Provided entries -
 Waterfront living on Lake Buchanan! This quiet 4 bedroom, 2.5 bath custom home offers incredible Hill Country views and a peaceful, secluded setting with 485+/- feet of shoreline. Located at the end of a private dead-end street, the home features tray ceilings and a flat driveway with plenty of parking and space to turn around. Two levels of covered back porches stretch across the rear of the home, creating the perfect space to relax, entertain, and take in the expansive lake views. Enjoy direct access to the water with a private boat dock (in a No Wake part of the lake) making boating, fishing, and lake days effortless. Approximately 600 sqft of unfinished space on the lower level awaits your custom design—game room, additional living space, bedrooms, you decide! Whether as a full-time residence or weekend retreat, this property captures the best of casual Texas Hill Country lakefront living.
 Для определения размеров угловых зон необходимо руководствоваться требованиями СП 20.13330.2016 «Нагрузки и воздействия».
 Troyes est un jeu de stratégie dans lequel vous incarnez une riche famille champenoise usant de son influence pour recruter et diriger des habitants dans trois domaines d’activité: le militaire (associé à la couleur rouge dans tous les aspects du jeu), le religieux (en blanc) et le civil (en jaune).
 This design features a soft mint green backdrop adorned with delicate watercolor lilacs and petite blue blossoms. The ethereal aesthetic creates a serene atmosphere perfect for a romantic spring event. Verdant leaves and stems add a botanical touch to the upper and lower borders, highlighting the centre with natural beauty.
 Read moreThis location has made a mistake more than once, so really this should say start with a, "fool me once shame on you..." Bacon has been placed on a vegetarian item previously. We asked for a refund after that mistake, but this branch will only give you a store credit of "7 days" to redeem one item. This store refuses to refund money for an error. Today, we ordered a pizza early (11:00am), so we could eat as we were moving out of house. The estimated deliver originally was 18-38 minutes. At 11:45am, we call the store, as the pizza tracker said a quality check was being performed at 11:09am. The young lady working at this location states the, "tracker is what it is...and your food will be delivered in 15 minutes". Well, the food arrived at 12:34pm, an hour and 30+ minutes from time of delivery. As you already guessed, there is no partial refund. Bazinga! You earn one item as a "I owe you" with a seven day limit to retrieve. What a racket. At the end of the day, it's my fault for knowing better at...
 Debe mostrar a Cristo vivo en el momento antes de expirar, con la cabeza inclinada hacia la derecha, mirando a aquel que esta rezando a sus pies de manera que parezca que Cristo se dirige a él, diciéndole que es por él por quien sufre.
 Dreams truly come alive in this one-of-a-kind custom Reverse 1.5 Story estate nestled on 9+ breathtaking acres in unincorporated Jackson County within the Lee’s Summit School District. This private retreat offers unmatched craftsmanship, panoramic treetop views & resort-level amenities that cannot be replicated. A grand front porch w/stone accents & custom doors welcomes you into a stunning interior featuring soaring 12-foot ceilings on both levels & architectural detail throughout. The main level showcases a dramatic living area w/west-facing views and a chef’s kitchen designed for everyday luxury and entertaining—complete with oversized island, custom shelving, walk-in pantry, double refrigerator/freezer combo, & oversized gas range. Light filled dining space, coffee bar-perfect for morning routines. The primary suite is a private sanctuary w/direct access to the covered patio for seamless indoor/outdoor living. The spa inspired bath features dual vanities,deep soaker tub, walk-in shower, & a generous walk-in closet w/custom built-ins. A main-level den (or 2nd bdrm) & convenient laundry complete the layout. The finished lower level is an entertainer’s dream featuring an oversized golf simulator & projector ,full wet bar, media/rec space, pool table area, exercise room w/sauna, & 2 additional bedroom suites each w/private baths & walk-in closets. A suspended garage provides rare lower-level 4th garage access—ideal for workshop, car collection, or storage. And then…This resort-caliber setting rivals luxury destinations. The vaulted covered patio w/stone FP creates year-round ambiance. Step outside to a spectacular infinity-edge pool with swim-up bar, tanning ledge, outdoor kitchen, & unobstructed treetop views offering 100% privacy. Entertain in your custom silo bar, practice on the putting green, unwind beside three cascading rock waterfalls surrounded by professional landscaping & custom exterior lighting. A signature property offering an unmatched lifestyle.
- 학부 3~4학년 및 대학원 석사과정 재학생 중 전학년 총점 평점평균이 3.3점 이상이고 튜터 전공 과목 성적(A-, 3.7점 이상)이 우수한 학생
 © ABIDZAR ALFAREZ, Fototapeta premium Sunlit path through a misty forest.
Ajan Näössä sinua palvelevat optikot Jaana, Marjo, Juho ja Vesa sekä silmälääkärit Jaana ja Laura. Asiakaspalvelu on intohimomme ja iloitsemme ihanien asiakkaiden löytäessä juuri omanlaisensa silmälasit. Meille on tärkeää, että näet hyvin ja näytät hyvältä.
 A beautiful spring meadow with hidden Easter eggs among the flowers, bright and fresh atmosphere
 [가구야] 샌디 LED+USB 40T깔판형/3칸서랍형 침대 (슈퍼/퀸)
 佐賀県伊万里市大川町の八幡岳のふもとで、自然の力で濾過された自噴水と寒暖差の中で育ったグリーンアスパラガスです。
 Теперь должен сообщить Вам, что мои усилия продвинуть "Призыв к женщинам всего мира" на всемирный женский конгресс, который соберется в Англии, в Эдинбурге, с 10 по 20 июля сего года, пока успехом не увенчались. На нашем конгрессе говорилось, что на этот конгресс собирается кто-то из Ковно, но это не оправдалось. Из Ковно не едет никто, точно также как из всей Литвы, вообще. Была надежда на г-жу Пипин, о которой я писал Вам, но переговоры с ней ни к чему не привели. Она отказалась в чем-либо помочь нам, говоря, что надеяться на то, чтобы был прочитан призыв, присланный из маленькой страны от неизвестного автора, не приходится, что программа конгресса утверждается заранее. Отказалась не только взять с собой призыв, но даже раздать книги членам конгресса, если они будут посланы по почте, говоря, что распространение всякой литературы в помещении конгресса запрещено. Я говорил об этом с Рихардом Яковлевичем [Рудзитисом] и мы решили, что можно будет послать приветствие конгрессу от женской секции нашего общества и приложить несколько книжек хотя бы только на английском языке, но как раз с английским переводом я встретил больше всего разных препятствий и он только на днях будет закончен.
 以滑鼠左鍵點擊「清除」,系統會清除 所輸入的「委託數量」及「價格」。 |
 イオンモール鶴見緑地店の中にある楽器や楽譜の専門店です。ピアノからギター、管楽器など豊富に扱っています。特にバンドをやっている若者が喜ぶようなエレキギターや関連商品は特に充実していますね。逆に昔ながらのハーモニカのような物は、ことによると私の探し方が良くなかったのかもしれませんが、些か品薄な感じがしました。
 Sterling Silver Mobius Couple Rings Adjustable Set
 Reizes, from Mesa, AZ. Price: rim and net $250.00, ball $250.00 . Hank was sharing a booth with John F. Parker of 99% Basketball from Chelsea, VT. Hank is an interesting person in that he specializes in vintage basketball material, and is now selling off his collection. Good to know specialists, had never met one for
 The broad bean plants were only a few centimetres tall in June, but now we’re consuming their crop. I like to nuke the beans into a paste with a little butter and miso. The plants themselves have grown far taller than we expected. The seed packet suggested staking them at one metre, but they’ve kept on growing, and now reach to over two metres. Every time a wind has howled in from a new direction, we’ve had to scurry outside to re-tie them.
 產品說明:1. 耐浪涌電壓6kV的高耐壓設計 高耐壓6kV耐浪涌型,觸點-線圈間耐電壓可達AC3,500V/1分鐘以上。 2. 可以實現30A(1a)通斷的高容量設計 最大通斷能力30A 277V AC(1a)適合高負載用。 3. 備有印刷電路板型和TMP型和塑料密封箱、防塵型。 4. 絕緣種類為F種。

Requirement -
Of all the entries above, retype exactly the lines from the line with "Теперь должен сообщить" to the line with "Sterling Silver Mobius", both included, and no others.

Output of the task -
 Теперь должен сообщить Вам, что мои усилия продвинуть "Призыв к женщинам всего мира" на всемирный женский конгресс, который соберется в Англии, в Эдинбурге, с 10 по 20 июля сего года, пока успехом не увенчались. На нашем конгрессе говорилось, что на этот конгресс собирается кто-то из Ковно, но это не оправдалось. Из Ковно не едет никто, точно также как из всей Литвы, вообще. Была надежда на г-жу Пипин, о которой я писал Вам, но переговоры с ней ни к чему не привели. Она отказалась в чем-либо помочь нам, говоря, что надеяться на то, чтобы был прочитан призыв, присланный из маленькой страны от неизвестного автора, не приходится, что программа конгресса утверждается заранее. Отказалась не только взять с собой призыв, но даже раздать книги членам конгресса, если они будут посланы по почте, говоря, что распространение всякой литературы в помещении конгресса запрещено. Я говорил об этом с Рихардом Яковлевичем [Рудзитисом] и мы решили, что можно будет послать приветствие конгрессу от женской секции нашего общества и приложить несколько книжек хотя бы только на английском языке, но как раз с английским переводом я встретил больше всего разных препятствий и он только на днях будет закончен.
 以滑鼠左鍵點擊「清除」,系統會清除 所輸入的「委託數量」及「價格」。 |
 イオンモール鶴見緑地店の中にある楽器や楽譜の専門店です。ピアノからギター、管楽器など豊富に扱っています。特にバンドをやっている若者が喜ぶようなエレキギターや関連商品は特に充実していますね。逆に昔ながらのハーモニカのような物は、ことによると私の探し方が良くなかったのかもしれませんが、些か品薄な感じがしました。
 Sterling Silver Mobius Couple Rings Adjustable Set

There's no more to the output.